About half the European paintings have histories of ownership that preclude their transfer in Europe during the period in question—many, for instance, belonged to families in Boston in the late nineteenth century and came directly to the MFA from those families. But many other paintings have histories of ownership that contain very little detail or have gaps during the years 1933-1945. These objects are the subject of further research by the museum.
Intensive research on the sculpture and decorative arts collection was begun in 2004. The online records are currently undergoing further research. As additional information comes to light, it will be added to the online collections database.
There are many reasons for gaps in provenance, ranging from a past owner’s desire for anonymity to an absence of records of transactions. Resolving provenance gaps for the period in question may be further complicated by the fact that records have been lost or destroyed. Although it is probable that most of the objects with gaps do not have problematic pasts, efforts are underway to obtain more information about them.
List of Works
The objects featured on the list of works have been identified by the MFA as priorities for further research. They changed hands in Europe between 1933 and 1945, and are associated with individuals who may have lost property as the result of Nazi persecution. Each object has undergone careful examination by our curators and still has unresolved questions regarding its history.

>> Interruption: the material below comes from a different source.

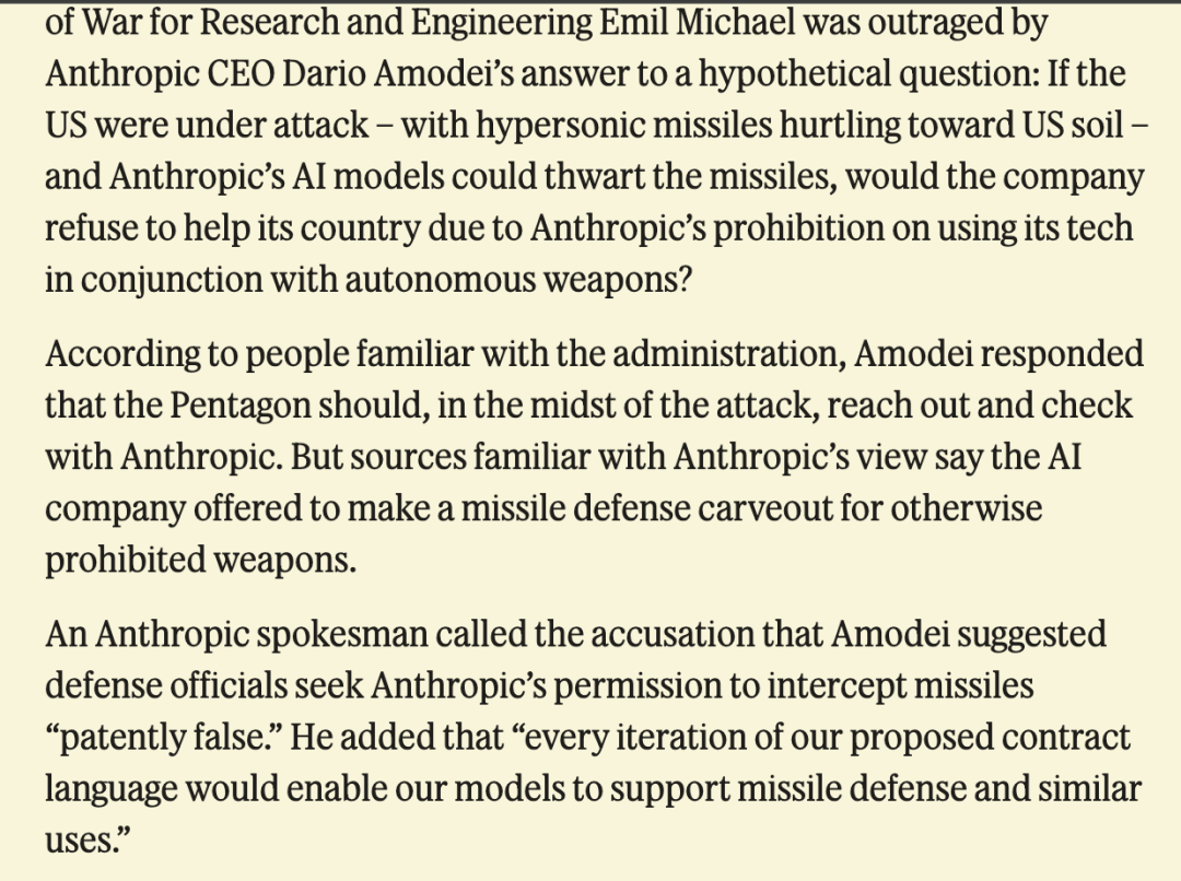 至于自主武器,在过去与五角大楼的合作中,Anthropic本身就认同美国的新一代导弹防御系统「金穹计划」。所以,他认为Anthropic所作所为不过是在洗白自己!

The inclusion of a work of art on this list does not in any way demonstrate that it was looted or improperly acquired. The list will be updated as further information becomes available.
I tried to access the "List of Works" link, but was unable to connect with anything. How many people are working in this "systematic" effort? What is their budget? How much is the MFA spending suing the heirs of Holocaust victims instead of researching its collection, returning stolen artworks and apologizing to their victims?